Analysing Lightweight Large Language Models for Biomedical Named Entity Recognition on Diverse Ouput Formats

arXiv cs.AI / 4/30/2026

💬 OpinionIdeas & Deep AnalysisModels & Research

Key Points

  • The paper analyzes how lightweight large language models (LLMs) perform on biomedical named entity recognition while reducing the computational and fine-tuning burden typical of larger models in healthcare.
  • It evaluates how different output formats affect model performance and finds that lightweight LLMs can reach competitive results versus larger counterparts.
  • The study reports that instruction tuning across many distinct formats does not improve performance, suggesting diminishing returns from broad-format instruction tuning.
  • It also identifies specific output formats that are consistently associated with better performance for biomedical information extraction tasks.
  • Overall, the findings support the use of lightweight, format-aware LLM approaches to meet privacy and budget constraints in medical settings.

Abstract

Despite their strong linguistic capabilities, Large Language Models (LLMs) are computationally demanding and require substantial resources for fine-tuning, which is unadapted to privacy and budget constraints of many healthcare settings.

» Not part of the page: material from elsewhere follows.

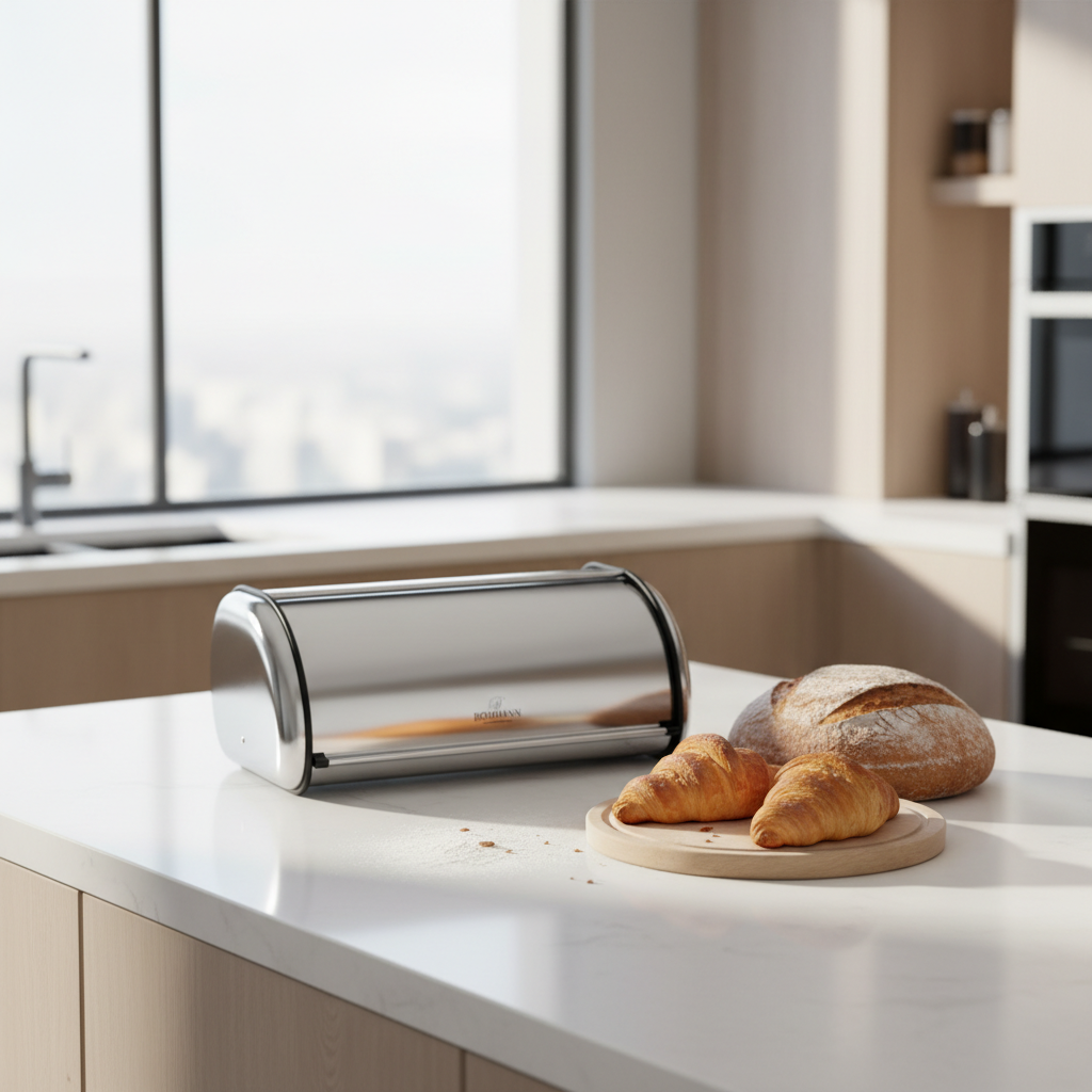 Cutie pentru paine Bohmann BH-7239S, 35 x 23 x 14 cm, inox, Argintiu. Cutia pentru paine este ideala pentru depozitarea tuturor produselor de panificatie cum ar fi: painea, baghetele, briose. Cu o inchidere etansa, cutia pastreaza prospetimea painii, a croissantului si a altor produse de patiserie.

To address this, we present an experimental analysis focused on Biomedical Named Entity Recognition using lightweight LLMs, we evaluate the impact of different output formats on model performance. The results reveal that lightweight LLMs can achieve competitive performance compared to the larger models, highlighting their potential as lightweight yet effective alternatives for biomedical information extraction. Our analysis shows that instruction tuning over many distinct formats does not improve performance, but identifies several format consistently associated with better performance.